Août 2047
Les combattants de chair et d’os ont laissé place aux drones contrôlés par intelligence artificielle. Cette course à l’armement conduit deux superpuissances au bord du gouffre.
Au moment où Wang Min entend s’approcher le bourdonnement si caractéristique de l’essaim de drones du Guoanbu, le puissant service de renseignement chinois, il comprend que la guerre est proche. « Dans deux ou trois jours au mieux », pense le sexagénaire en bondissant hors du lit. Aussitôt arrivé sur le toit de son luxueux duplex, au sommet d’un des immeubles les plus modernes de Shenzhen, il s’engouffre dans le drone principal. Puis, protégé par une escouade d’une quinzaine d’engins, il s’envole en direction du centre de commandement opérationnel du comité central du Parti communiste chinois (PCC) le plus proche. Ce n’est qu’une fois descendu dans le bunker sécurisé qu’il comprend la situation : un automate spatial survolant Taïwan a identifié, dans la nuit, des rampes de lancement de drones américains ainsi que des hubs portuaires pour navires autonomes sur la côte ouest de l’île.

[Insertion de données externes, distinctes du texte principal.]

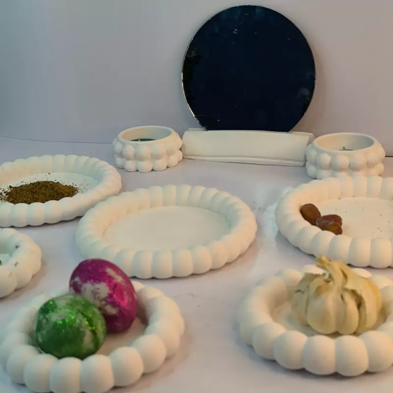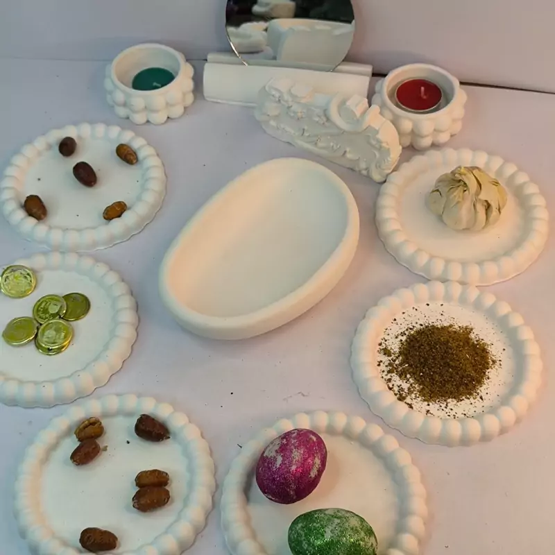 ست هفت سین نوروزی طرح یشقاب مرواریدی مدرن و شک همراه جاسبزه و نماد مار و تندیس نوروز مبارک با رنگهای جذاب که از جنس سنگ مصنوعی در کارگاه تولیدی دکوراتیو لیانا با تضمین کیفیت تولید شده است.

À moins de 200 kilomètres de la République populaire. La réponse du comité central doit être ferme et immédiate.
L’heure est à la riposte, et c’est pour cela que Wang Min a été tiré de son sommeil en pleine nuit par une colonne de drones. Il est l’un des hommes les plus puissants de cette moitié du XXIe siècle. Alors qu’il était étudiant à l’université des sciences et technologies de Hong Kong, il développa, avec son camarade universitaire Frank Wang, un prototype de quadricoptère téléo-péré, piloté à distance. Dans la foulée, ils avaient tous deux lancé, en 2006, à Shenzhen, leur entreprise : DJI pour Da Jiang Innovation, « l’innovation sans limite ». La firme s’est rapidement imposée sur le marché international du drone civil. À l’époque, cela lui valut le surnom de « l’Apple de Shenzhen ». Impossible pour l’américain Skydio ou même le français Parrot de rivaliser. Ils ont fait partie de ces entrepreneurs chinois qui ont redéfini la notion de Made in China pour en faire un gage de qualité et d’excellence. Depuis le début des années 2000, Shenzhen a progressivement cessé d’être la capitale mondiale des ateliers clandestins de contrefaçons pour devenir le laboratoire de l’innovation technologique. La ville a su tirer avantage de sa proximité avec les chaînes d’approvisionnement mondiales de pièces et de composants électroniques. Et le duo y imposa son règne. Ils n’étaient, en 2020, qu’à la 102˝ place du classement Forbes, avec une fortune alors estimée à quatre milliards d’euros chacun.